Of the 39 elements with similarity to phage integrases, 20 were similar to those of bacteriophages from Lactobacillus casei (TrEMBL accession number Q6J1X2) and Escherichia coli (TrEMBL accession numbers Q6H9S3, Q8X555, Q7Y2I6, and Q6H9S6), and five of the putative phage integrase coding domains were similar to bacteriophage Sf6 from Shigella flexneri (TrEMBL accession number Q716C2).
The “Ca. Phytoplasma australiense” genome, like the OY-M and the AY-WB genomes, lacked genes for amino sugar, nucleotide sugar, glyoxylate, and dicarboxylate biosynthesis. However, it encoded 13 genes involved in glycolysis and gluconeogenesis. Eight of these genes are essential for glycolysis, and the remaining five genes encode enzymes used in gluconeogenesis. The same eight genes involved in glycolysis were also encoded by the two “Ca. Phytoplasma asteris” strains. Five glycolytic genes (coding for glucose-6-phosphate isomerase, 6-phosphofructokinase, 2,3-bisphophoglycerate-independent phosphoglycerate mutase, enolase, and pyruvate kinase) had a different gene order in the “Ca.

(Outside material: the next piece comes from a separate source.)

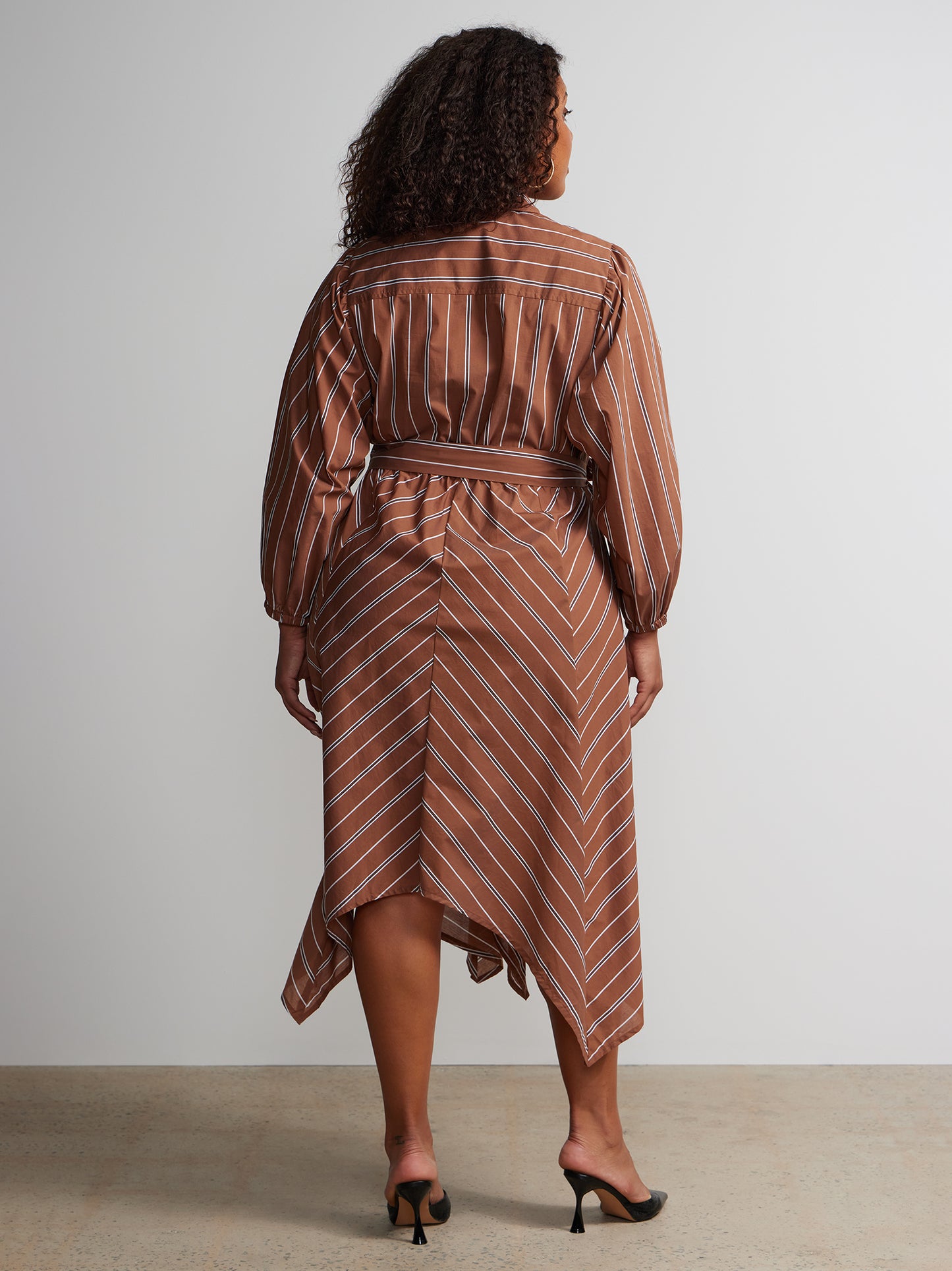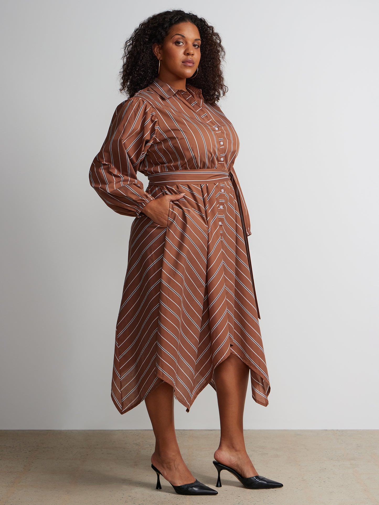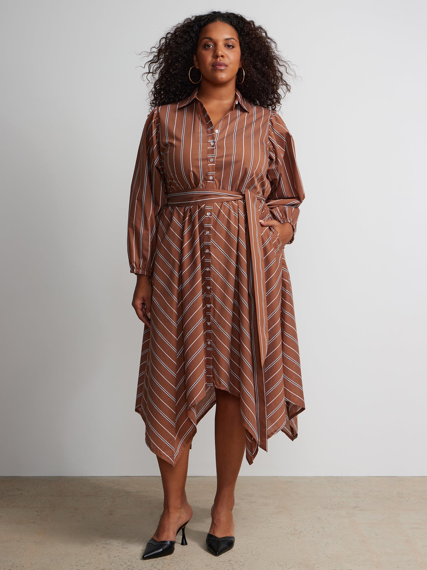 Stylish and comfortable, this chic shirt dress will be your go-to outfit for work or brunch. With its collared neckline, long sleeves, and tie-waist, this dress effortlessly combines comfort and sophistication. The hanky hem and stripes add a playful twist, making it an absolute closet must-have. Style it with your favorite heels to complete the look.
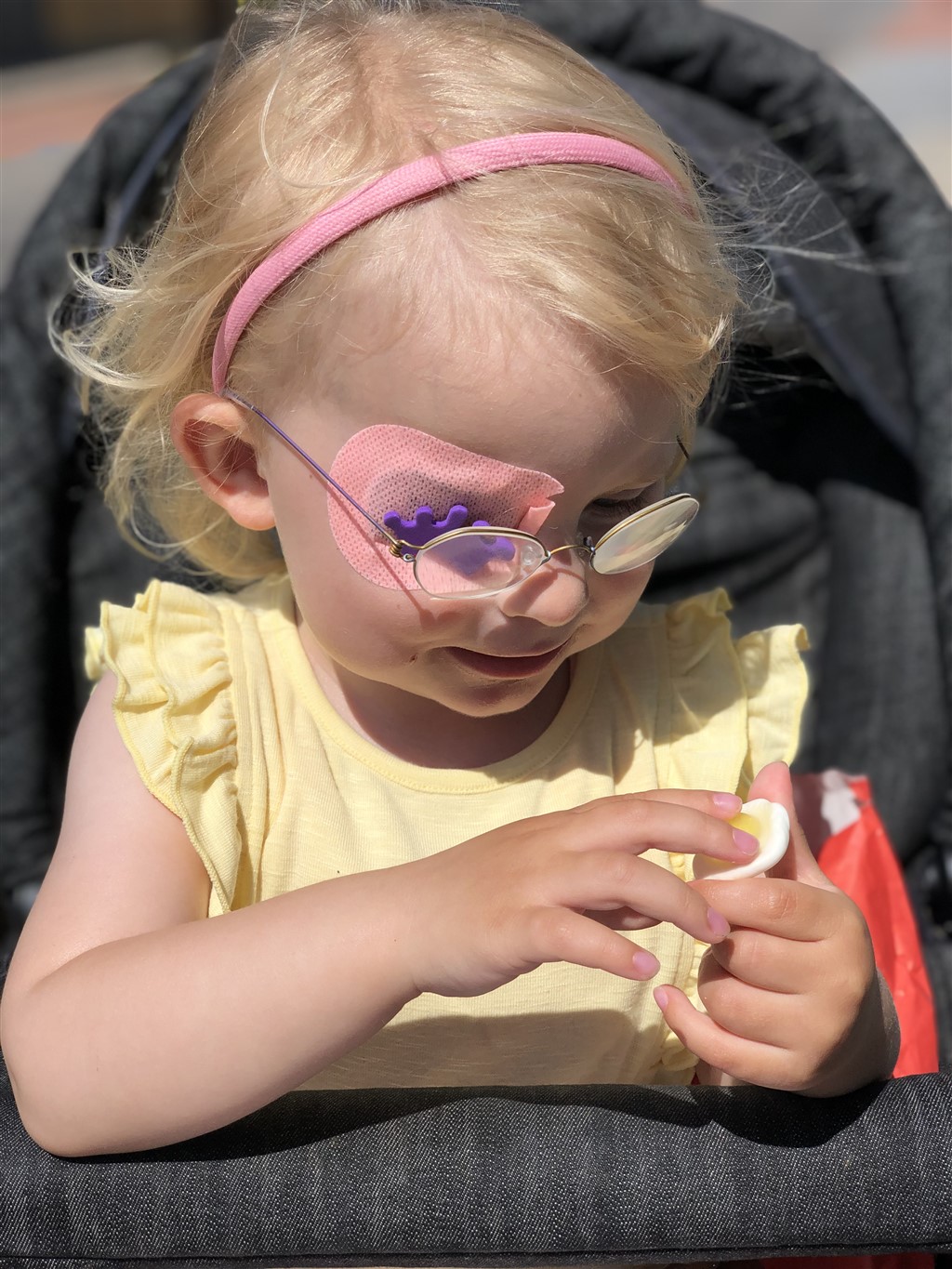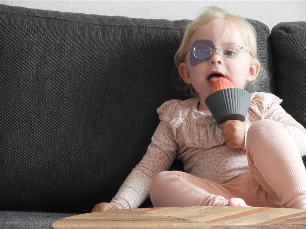 Og så er den første måned gået med plaster på øjet og hun har fra første dag bare været helt med på det!

Phytoplasma australiense” chromosome compared to those of the two “Ca. Phytoplasma asteris” strains. In the “Ca. Phytoplasma australiense” chromosome, three glycolytic genes (6-phosphofructokinase, 2,3-bisphophoglycerate-independent phosphoglycerate mutase, and enolase) were located over 130 kb from the remaining two glycolytic genes. In the “Ca. Phytoplasma asteris” strains, the five glycolytic genes were within a 30-kb region. The presence of these genes in “Ca. Phytoplasma australiense” suggests that a functional glycolytic pathway may exist. All three phytoplasma genomes were missing complete pathways for amino and nucleotide sugar, glyoxylate, and dicarboxylate metabolism.
The “Ca. Phytoplasma australiense” genome encoded only one gene involved in oxidative phosphorylation (inorganic pyrophosphatase). Although the “Ca. Phytoplasma australiense” genome encoded genes for the acyl carrier protein and the fatty acid/phospholipid synthesis protein involved in fatty acid biosynthesis, it encoded only one gene (1-acyl-sn-glycerol-3-phosphate acyltransferase) for glycerolipid metabolism. All three phytoplasma genomes were missing complete pathways for ATP synthesis, fatty acid metabolism, and carbon dioxide fixation.
The “Ca. Phytoplasma australiense” genome lacked genes involved in the synthesis of several essential amino acids. The genome encoded cytosine-specific DNA methylase involved in methionine metabolism, cysteinyl-tRNA synthetase involved in cysteine metabolism, and methyltransferase and N6-adenine-specific methylase involved in histidine, tyrosine, and tryptophan metabolism; these were not found in OY-M or AY-WB, suggesting that these genes were strain specific. All three phytoplasma genomes were missing complete pathways for phenylalanine metabolism, the urea cycle, metabolism of amino groups, and d-glutamine, d-glutamate, d-arginine, d-ornithine, d-alanine, and d-glutathione metabolism.
The “Ca. Phytoplasma australiense” genome carried genes encoding proteins such as thiamine biosynthesis protein and intracellular protease/amidase involved in thiamine metabolism riboflavin kinase involved in riboflavin metabolism; phosphopantetheinyl transferase (holo-ACP synthase) involved in pantethenate and coenzyme A biosynthesis, and dihydrofolate reductase involved in folate biosynthesis but lacked metabolic genes for vitamin B6.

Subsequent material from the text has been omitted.